In the ’70s, Zeppelin and the Stones shared some of the same recording facilities. While making Led Zeppelin IV (1971), the band used the Stones’ mobile studio — and sixth Rolling Stone Ian Stewart — to record tracks such as “Rock and Roll.”
Later, the Zep recorded parts of Houses of the Holy (1973) and Physical Graffiti (1975) at Mick Jagger’s Stargroves mansion. And when Page needed extra time to complete Presence (1977), he called up Jagger and asked if the Stones might start their sessions a few days later. (Jagger obliged.)
On another occasion, Page played with Jagger, Keith Richards, and a few other heavyweights on a tracked titled “Scarlet” (1974). And following its July 2020 release Jagger spoke with a BBC morning show to talk about those days.
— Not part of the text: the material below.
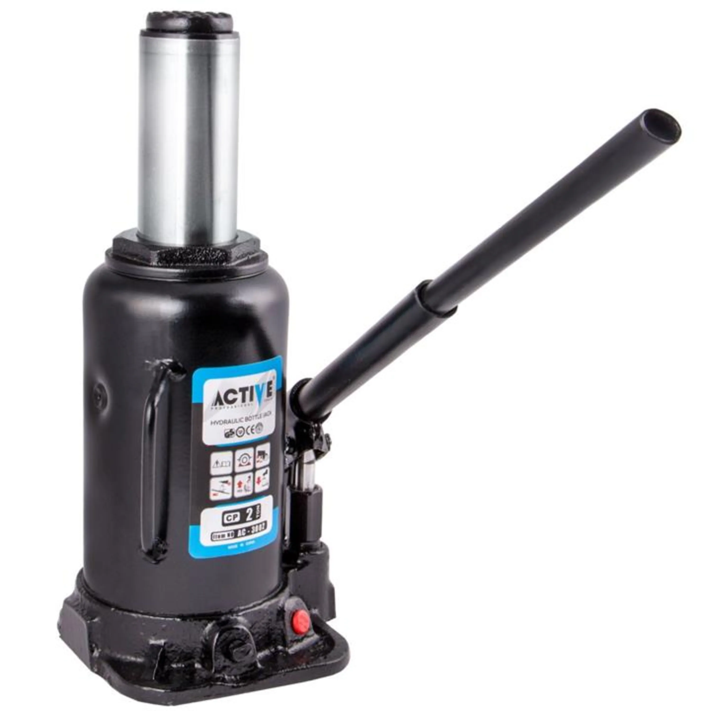 جک روغنی 2 تن برند اکتیو مدل AC3002 قابلیت بلند نمودن اجسام سنگین تا وزن 2 تن (عموما خودروهای سواری سبک و نیمه سنگین) را دارد.از این جک عمدتا جهت بلند نمودن خوردو استفاده میشود. این جک دارای اهرم کمکی مقاوم و با استحکام است تا جهت بالا بردن ارتفاع بتوان از آن به آسانی استفاده نمود. این جک هیدرولیک در حالت جمع شده ارتفاعی برابر 18 سانتیمتر دارد و حداکثر ارتفاع آن به 30 سانتیمتر میرسد. رنگ روکش بدنه از رنگ کورهای پودری به شیوه الکترواستاتیکی جهت جلوگیری از زنگ زدگی و آسیب به بدنه است. همچنین پیستونهای سیلندر این جک پولیش شده و آبکاری شده با کروم و نیز دیوارههای داخلی سیلندر پولیش شده تا سائیدگی دستگاه به حداقل برسد و طول عمر دستگاه افزایش یابد. این دستگاه دارای استانداردهای کیفیتی مختلفی از قبیل ce ، TUv ، ISO9001 و غیره است تا به خریدار اطمینان خاطر جهت خرید محصولی با کیفیت را بدهد.

Mick Jagger described Led Zeppelin shows as a ‘thunderous, wonderful racket’
During a July 22 chat with The Zoe Ball Breakfast Show, Jagger thought back to meeting Page and fellow session ace John Paul Jones in the ’60s. “That was 1965, so I knew Jimmy from then,” Jagger said, sounding unsure about the exact year. “Later, they made this very successful band.”
Indeed, Led Zeppelin became massively successful early in the next decade. After bumping The Beatles off the top of the Billboard charts with Led Zeppelin II (1969), Zep started playing sold-out shows in arenas across the U.S. (and around the world). By sales, they were even bigger than the Stones at that point.
Jagger recalled taking in Zep performances in those days. “I remember watching their concerts live in New York and everything,” he said. “And it was great, thunderous, wonderful racket. Brilliant.” But unlike the Stones Zeppelin did not carry on into the ’80s.
Following the death of John Bonham, the band called it a day. From that point on, Zep fans only saw the three surviving members play live shows together on a handful of occasions. Jagger was in attendance at their last one — at the O2 Arena in London in 2007.
Jagger called Zeppelin’s 2007 reunion gig ‘absolutely incredible’
When Page, Jones, and Robert Plant reunited to play a benefit concert for Ahmet Ertegun at the O2, they didn’t have the thunder of Bonham behind them. However, they did have Bonham’s son Jason (who’s performed with the band on other occasions) on drums.
Jagger, who was in attendance, gave the show rave reviews. “I saw their last concert as well,” he told the BBC. “And they were absolutely incredible.” Many agreed with Jagger on this front. In those days, a Zep reunion tour was said to be in the works.
That never happened, of course. Jagger (like Page and Jones) was among those who wished it would have. “I was so disappointed that they didn’t actually go out and tour and do it,” he said. “But then that’s their business, not mine.”